Walking Method Boosts Fitness with Speed Changes
Are you putting in your 10,000 steps a day but not seeing the results you expect? Scientists are studying a new twist on walking, originally tested in Japan, that may be what you’re missing: interval walking training (IWT).
How Interval Walking Works
Instead of a continuous stroll, IWT involves alternating bursts of faster movement with periods of recovery-paced steps. This method can significantly impact your health, according to research.
Most people walk at a comfortable speed, which may not be enough to challenge the body and improve fitness. Changing pace encourages the body to use oxygen more efficiently, which is measured by VO2peak.
An increased VO2peak can lower resting blood pressure, encourage muscles to burn more sugar, and improve glycemic control. Glycemic control
describes how tightly the body keeps glucose within a healthy range.
According to Japanese physiologists, alternate three minutes at about seventy percent of your maximum effort with three minutes at around forty percent. Five cycles will take about half an hour.
Sarah F. Eby, a sports medicine specialist at Mass General Brigham and assistant professor at Harvard Medical School, notes that “Additionally, interval walking training is a great way to meet the recommended 150 minutes a week of moderate‑intensity aerobic activity.”
The Science Behind the Steps
In a key five-month experiment with adults averaging sixty-three years old, IWT increased VO2peak by ten percent and lowered systolic blood pressure by nine millimeters of mercury, versus continuous walking or no exercise.
Knee strength increased up to seventeen percent, improving balance. Body mass index decreased and fasting glucose improved within weeks, suggesting metabolic changes arrive quickly. Ninety-five percent of participants stuck with it for the study’s duration.
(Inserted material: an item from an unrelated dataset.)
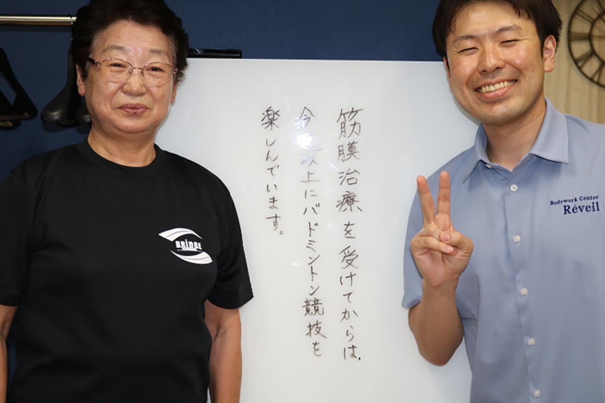 私はバドミントンを始めて40数年になります。ところが、7~8年前から膝が痛み出し、整形外科では溜まった水を抜き、ヒアルロン酸を打ってもらい、施術院では「はり・電気施術」にほぼ毎日通いましたが病状は一向に改善せず手術を勧められるほど悪化してしまいました。周囲の友人も私の異変に気づき、友人が通っていたこの整体院に連れて行ってもらいました。 現在、院長先生の施術を月1回のペースで通っており、骨盤のズレ・腰・肩・首とあらゆる部分の筋膜を全体的に施術して頂いており、週に2・3回通っていた「はり・電気施術」とは無縁になりました。そして、先生の施術により、体感的には10歳位若返った気持ちになっております。 膝も良くなり、現在は76歳ながら週に2回のバドミントンの練習にも参加できるようになりました。施術前の状況を知っている仲間からは、急激に症状が改善した原因に興味深々の様子であり、今では「筋膜リリース」を私が仲間たちにPRしています! 私も今年は77歳になります。残り少ないバドミントン人生を思いっきりエンジョイしたいと思っております。 現在、整体院には私の家族全員(夫・息子夫婦・娘・孫)でお世話になっており,快適な毎日を送っております。今後ともサポートをお願いしたいと思っております。 (S様. 札幌市 76歳 女性) ※効果には個人差があります |

Benefits of Interval Walking Training
In a Danish trial, IWT was pitted against continuous walking in adults with type 2 diabetes. Although both groups burned similar calories, the interval group alone reduced abdominal fat and glucose fluctuations.
Kristian Karstoft stated that, “Compared to energy‑expenditure and time‑duration matched continuous walking training, IWT is superior for improving physical fitness, body composition, and glycemic control in individuals with type 2 diabetes.”
Follow-up mechanistic work pointed toward enhanced glucose effectiveness, where muscles absorbed sugar without extra insulin.
Getting Started with Interval Walking
If you have chronic conditions, check with your doctor. Find a flat route and set a timer for thirty minutes. Start with fifteen cycles of one minute brisk and one minute relaxed. Increase the durations when you’re ready.
She advises ramping up gradually so each brisk interval still allows a short phrase before breath runs out.
According to the CDC, less than half of U.S. adults get the recommended amount of physical activity, so making the most of your workout time could make a huge difference (CDC 2024).
Walking is a great form of exercise, and pace, not mileage, drives adaptation. Swapping blocks of calm walking with confident strides can steer health markers in the right direction long before you break into a jog.